Extracted information START

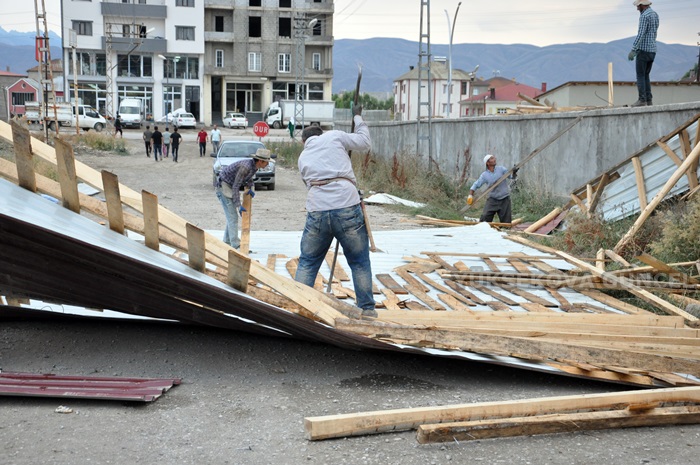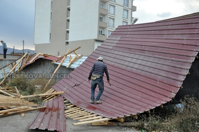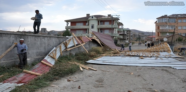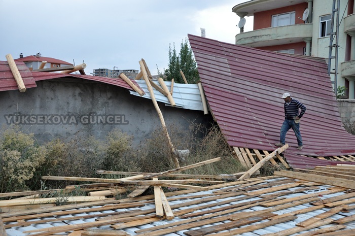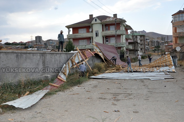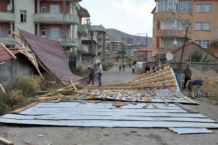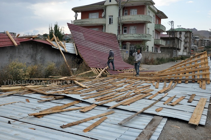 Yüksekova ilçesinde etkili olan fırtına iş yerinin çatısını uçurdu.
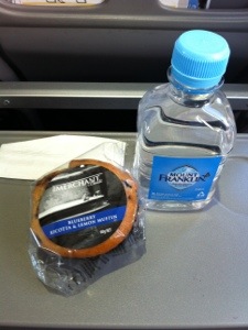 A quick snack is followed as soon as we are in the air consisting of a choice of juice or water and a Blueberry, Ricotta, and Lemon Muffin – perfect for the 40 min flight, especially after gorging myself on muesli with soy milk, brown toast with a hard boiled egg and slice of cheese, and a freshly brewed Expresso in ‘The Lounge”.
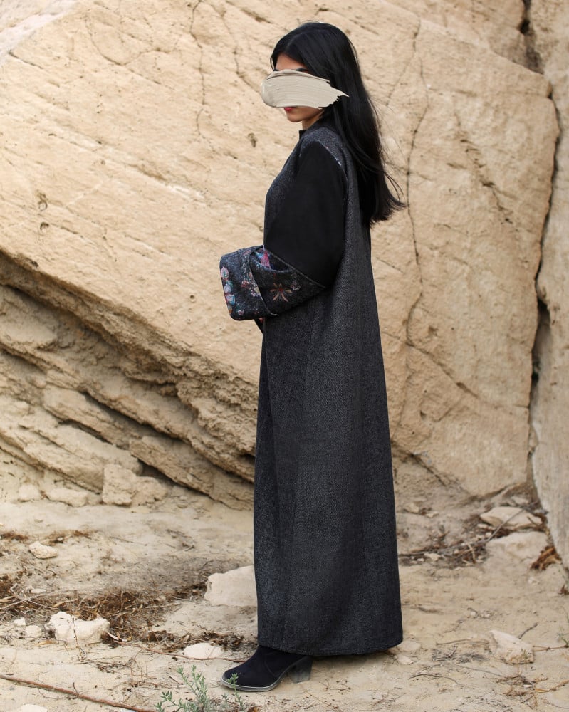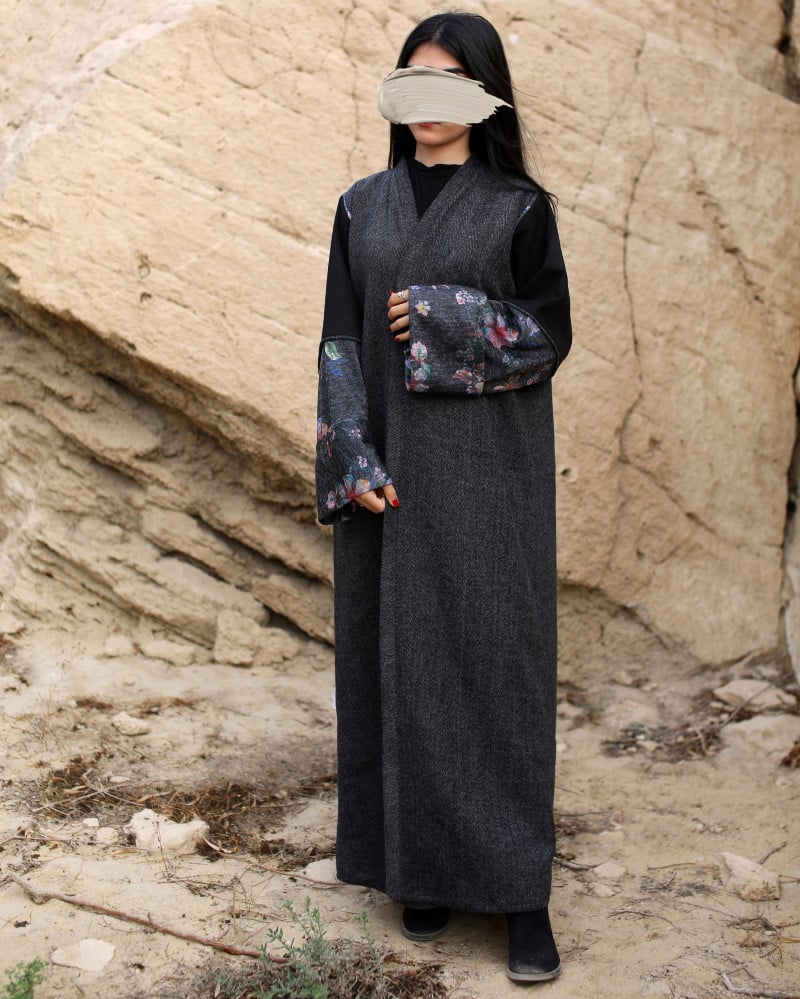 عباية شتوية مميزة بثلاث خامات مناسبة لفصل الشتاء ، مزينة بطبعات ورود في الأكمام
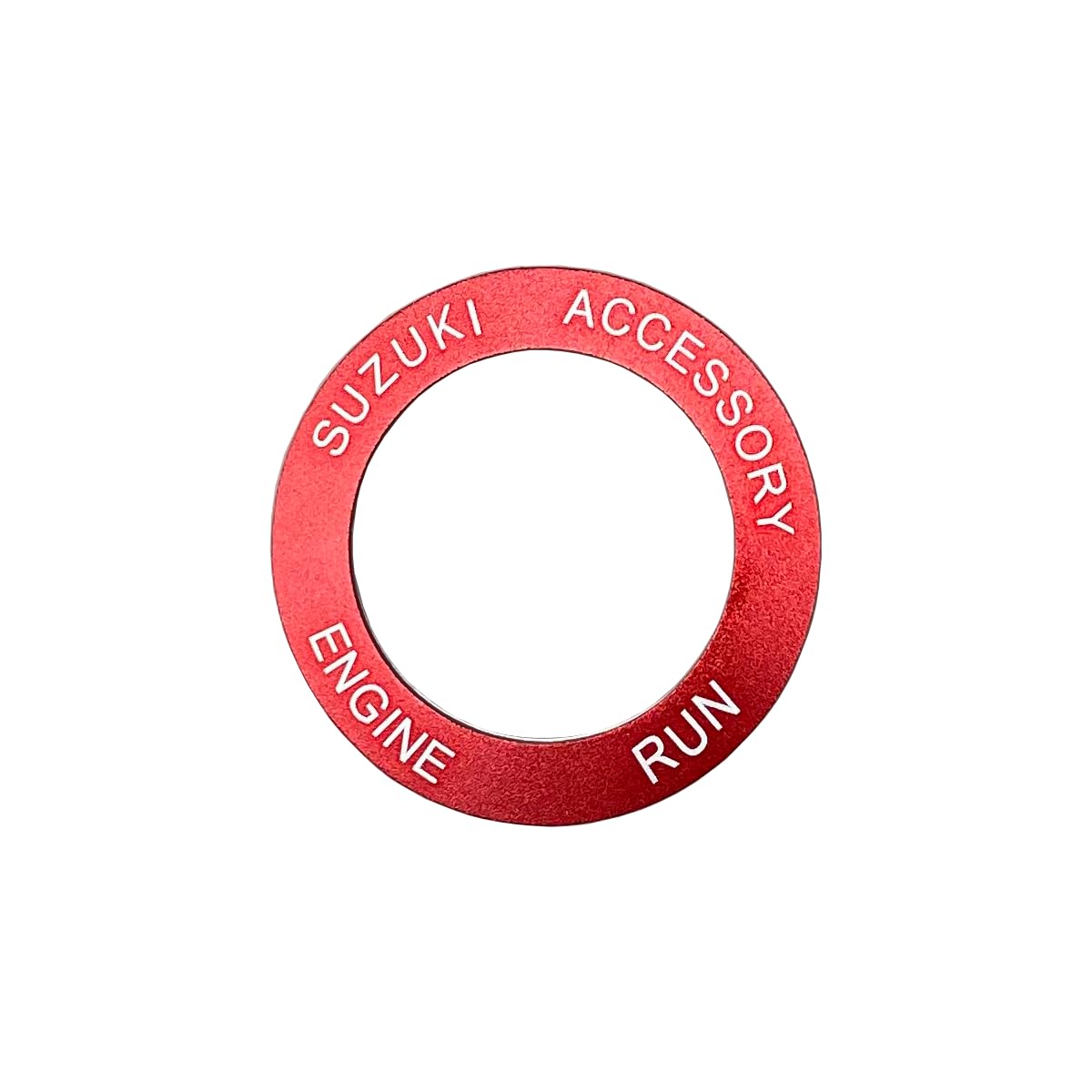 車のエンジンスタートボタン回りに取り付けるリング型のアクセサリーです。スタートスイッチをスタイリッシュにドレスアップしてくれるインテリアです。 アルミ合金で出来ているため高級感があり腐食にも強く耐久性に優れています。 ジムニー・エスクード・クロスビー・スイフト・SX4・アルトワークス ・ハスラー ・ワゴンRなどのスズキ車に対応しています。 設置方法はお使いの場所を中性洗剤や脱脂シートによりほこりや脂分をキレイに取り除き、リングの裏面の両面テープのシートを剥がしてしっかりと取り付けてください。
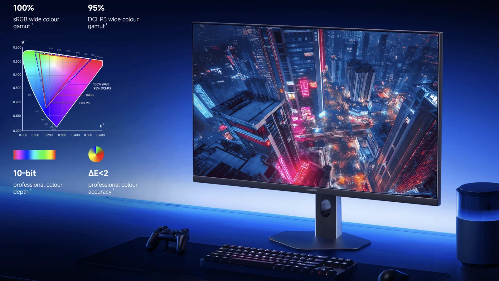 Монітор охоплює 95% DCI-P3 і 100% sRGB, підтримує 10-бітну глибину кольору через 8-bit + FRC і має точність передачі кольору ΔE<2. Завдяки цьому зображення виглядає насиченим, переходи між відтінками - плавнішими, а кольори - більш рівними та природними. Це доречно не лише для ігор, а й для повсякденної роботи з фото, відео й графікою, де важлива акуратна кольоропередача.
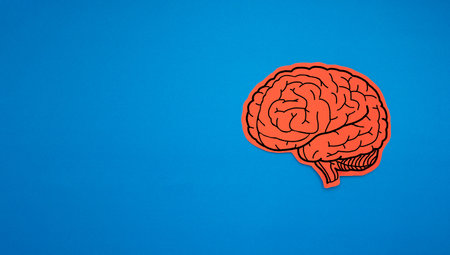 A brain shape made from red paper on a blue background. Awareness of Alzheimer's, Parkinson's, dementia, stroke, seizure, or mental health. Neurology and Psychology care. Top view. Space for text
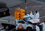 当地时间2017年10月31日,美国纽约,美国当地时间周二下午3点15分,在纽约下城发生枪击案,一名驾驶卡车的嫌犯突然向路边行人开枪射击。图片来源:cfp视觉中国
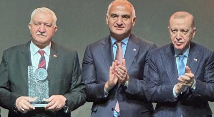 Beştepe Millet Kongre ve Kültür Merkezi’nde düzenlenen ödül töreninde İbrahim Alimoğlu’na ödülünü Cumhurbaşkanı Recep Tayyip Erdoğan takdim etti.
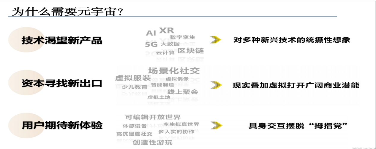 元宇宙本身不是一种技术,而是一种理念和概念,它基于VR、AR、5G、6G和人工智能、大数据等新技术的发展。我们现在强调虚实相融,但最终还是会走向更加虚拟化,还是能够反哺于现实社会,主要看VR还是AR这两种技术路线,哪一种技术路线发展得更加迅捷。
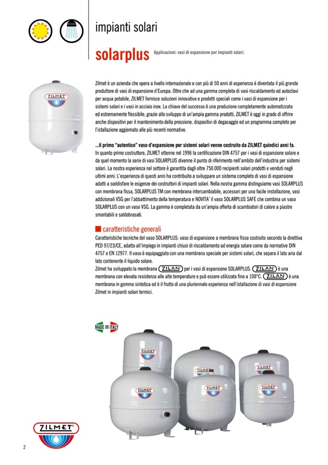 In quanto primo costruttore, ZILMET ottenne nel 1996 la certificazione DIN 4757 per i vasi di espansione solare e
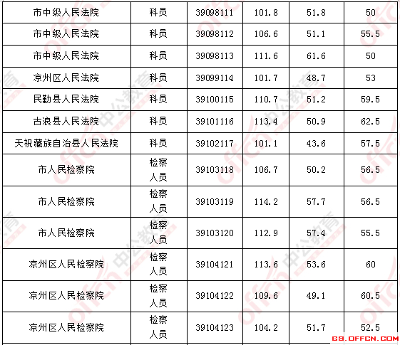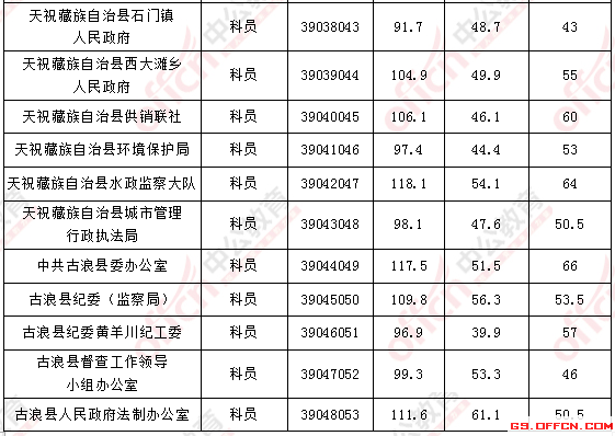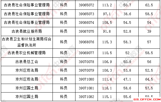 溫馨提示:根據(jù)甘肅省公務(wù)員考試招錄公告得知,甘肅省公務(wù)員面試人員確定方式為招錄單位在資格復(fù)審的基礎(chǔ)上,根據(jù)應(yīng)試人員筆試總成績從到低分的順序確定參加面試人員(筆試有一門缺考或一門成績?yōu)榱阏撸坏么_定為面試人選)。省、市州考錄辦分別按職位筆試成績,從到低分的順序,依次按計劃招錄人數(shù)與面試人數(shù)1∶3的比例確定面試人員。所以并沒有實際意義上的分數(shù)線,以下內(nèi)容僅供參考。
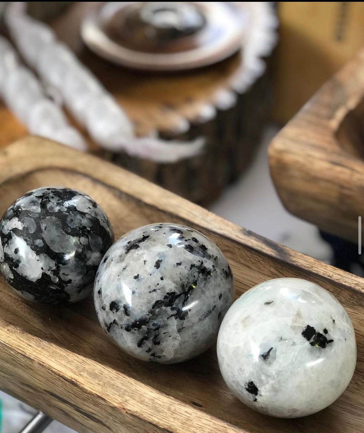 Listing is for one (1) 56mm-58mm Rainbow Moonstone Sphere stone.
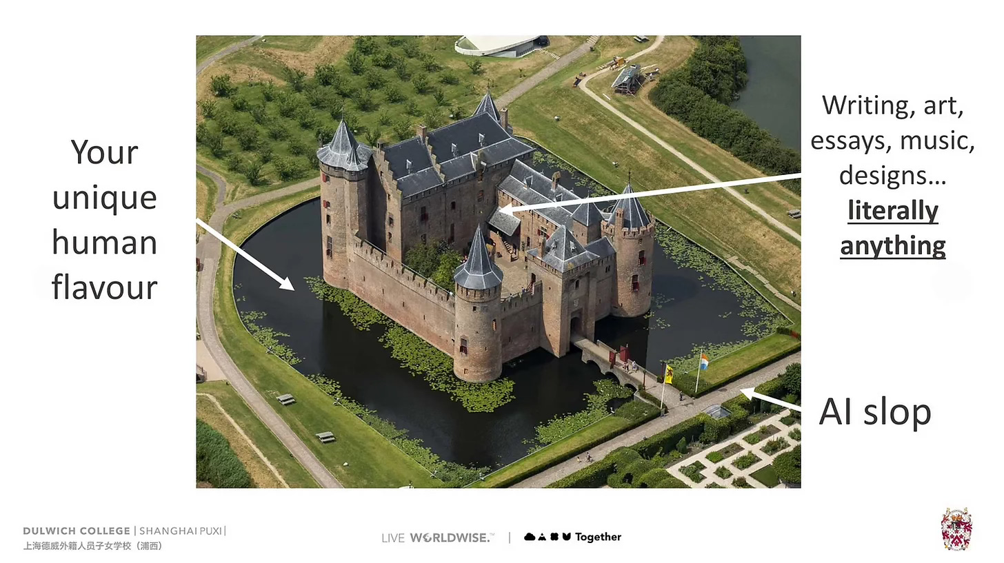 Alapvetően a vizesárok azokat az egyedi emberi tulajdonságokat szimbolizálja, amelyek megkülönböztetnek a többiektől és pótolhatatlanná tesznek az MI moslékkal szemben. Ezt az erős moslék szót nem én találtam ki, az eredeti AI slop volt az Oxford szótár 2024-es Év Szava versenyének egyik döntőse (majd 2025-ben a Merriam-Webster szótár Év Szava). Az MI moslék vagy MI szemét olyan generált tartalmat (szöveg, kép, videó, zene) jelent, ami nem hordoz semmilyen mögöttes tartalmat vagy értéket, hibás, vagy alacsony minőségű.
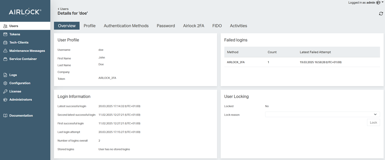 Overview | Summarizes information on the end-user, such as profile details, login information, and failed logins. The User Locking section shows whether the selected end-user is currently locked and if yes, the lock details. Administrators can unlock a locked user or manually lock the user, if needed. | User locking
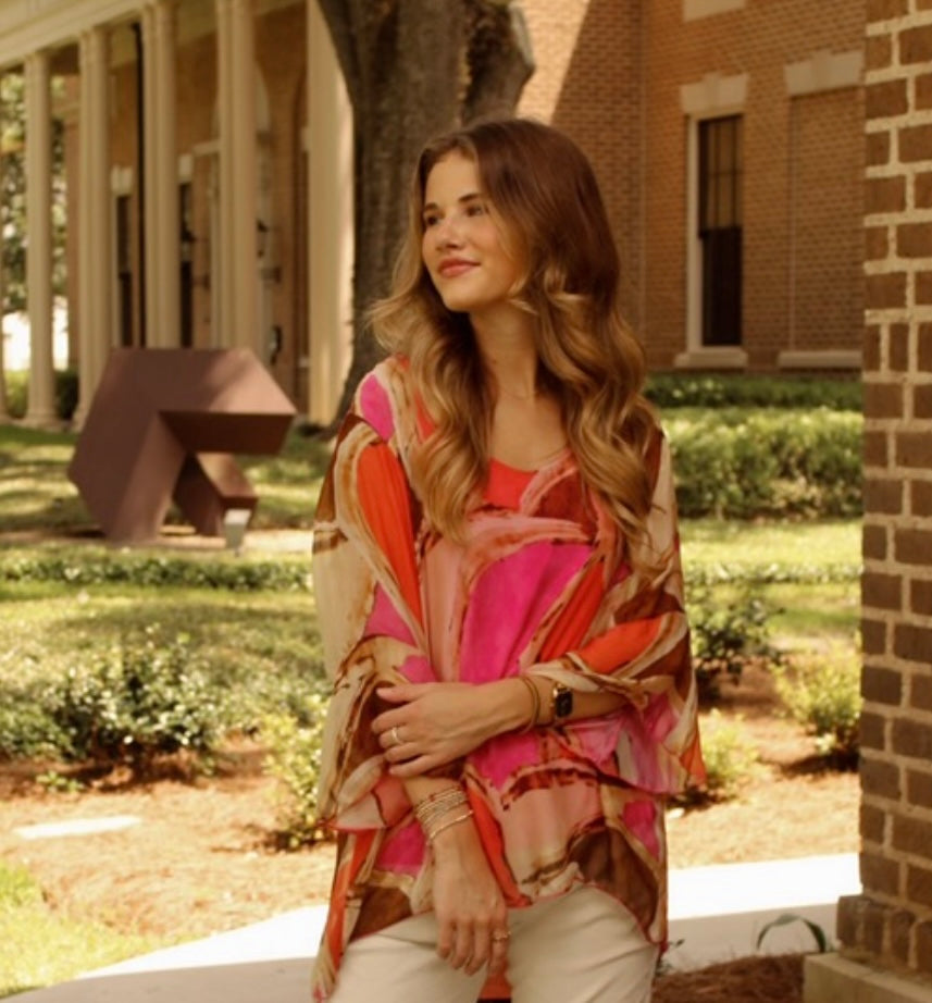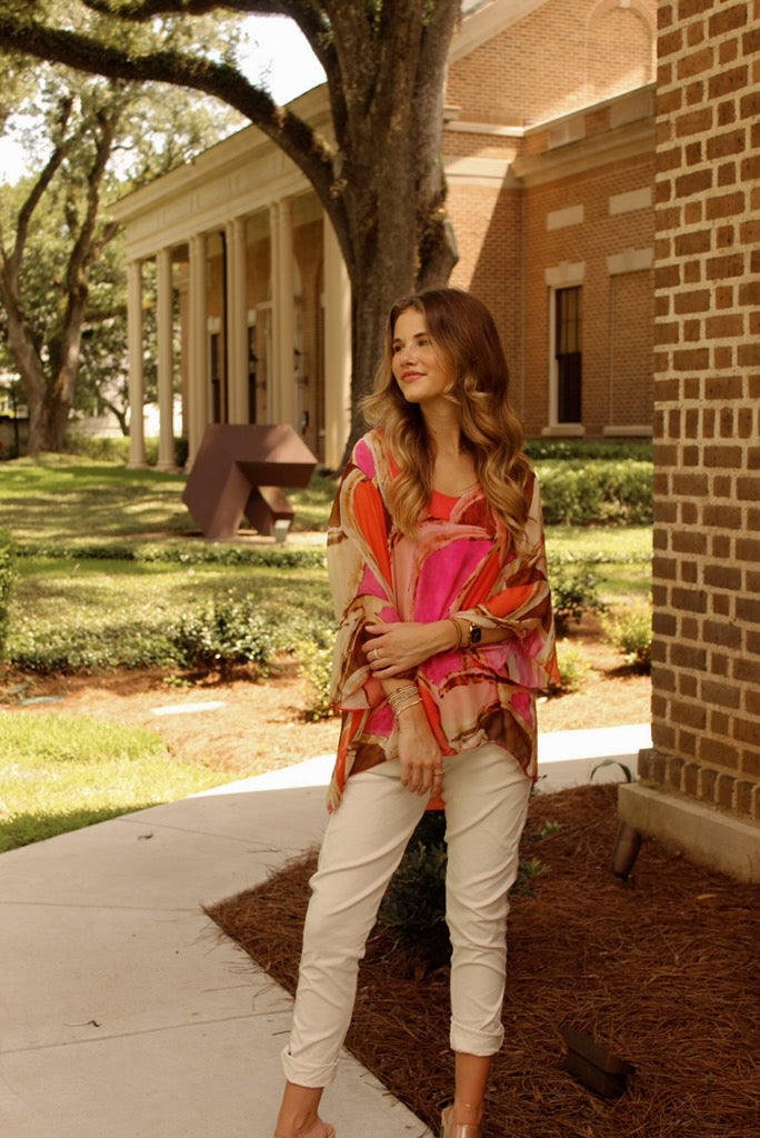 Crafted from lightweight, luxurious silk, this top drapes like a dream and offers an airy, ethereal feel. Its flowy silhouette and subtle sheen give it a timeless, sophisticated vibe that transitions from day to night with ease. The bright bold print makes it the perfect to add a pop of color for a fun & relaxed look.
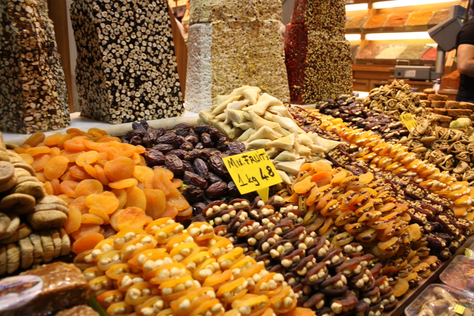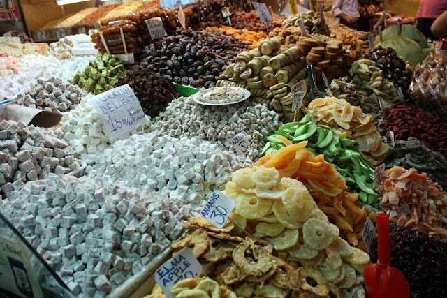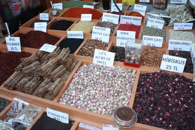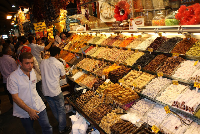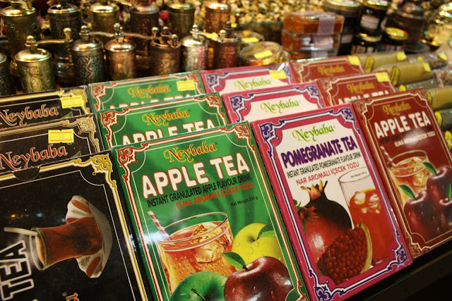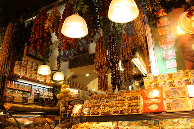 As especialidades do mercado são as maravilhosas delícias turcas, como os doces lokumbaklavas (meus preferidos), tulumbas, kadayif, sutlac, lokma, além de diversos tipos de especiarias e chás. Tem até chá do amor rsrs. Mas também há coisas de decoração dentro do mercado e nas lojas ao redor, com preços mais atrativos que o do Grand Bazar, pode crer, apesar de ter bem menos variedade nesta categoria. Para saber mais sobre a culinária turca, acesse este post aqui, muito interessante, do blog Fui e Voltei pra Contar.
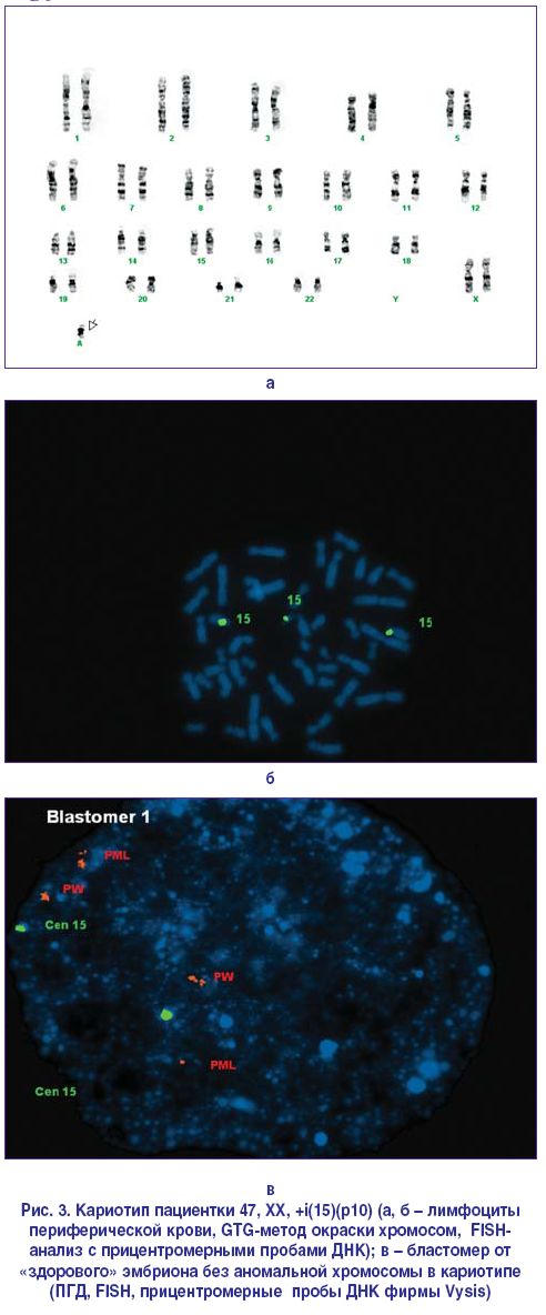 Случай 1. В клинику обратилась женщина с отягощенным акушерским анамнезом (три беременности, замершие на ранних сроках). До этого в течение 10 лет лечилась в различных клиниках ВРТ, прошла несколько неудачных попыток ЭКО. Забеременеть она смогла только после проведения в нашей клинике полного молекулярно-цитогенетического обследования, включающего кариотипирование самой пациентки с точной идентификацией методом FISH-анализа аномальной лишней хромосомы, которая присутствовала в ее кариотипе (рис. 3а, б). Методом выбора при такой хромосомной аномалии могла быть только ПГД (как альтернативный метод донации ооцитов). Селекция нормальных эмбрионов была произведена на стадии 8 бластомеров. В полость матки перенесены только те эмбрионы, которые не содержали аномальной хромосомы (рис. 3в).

Extracted information END

= The task =
A verbatim reproduction is expected: starting at the line above that has "Монітор охоплює 95%", ending at the line that has "Beştepe Millet Kongre", both included, and with no pictures and no other lines.

= Exercise answer =
 Монітор охоплює 95% DCI-P3 і 100% sRGB, підтримує 10-бітну глибину кольору через 8-bit + FRC і має точність передачі кольору ΔE<2. Завдяки цьому зображення виглядає насиченим, переходи між відтінками - плавнішими, а кольори - більш рівними та природними. Це доречно не лише для ігор, а й для повсякденної роботи з фото, відео й графікою, де важлива акуратна кольоропередача.
 A brain shape made from red paper on a blue background. Awareness of Alzheimer's, Parkinson's, dementia, stroke, seizure, or mental health. Neurology and Psychology care. Top view. Space for text
 当地时间2017年10月31日,美国纽约,美国当地时间周二下午3点15分,在纽约下城发生枪击案,一名驾驶卡车的嫌犯突然向路边行人开枪射击。图片来源:cfp视觉中国
 Beştepe Millet Kongre ve Kültür Merkezi’nde düzenlenen ödül töreninde İbrahim Alimoğlu’na ödülünü Cumhurbaşkanı Recep Tayyip Erdoğan takdim etti.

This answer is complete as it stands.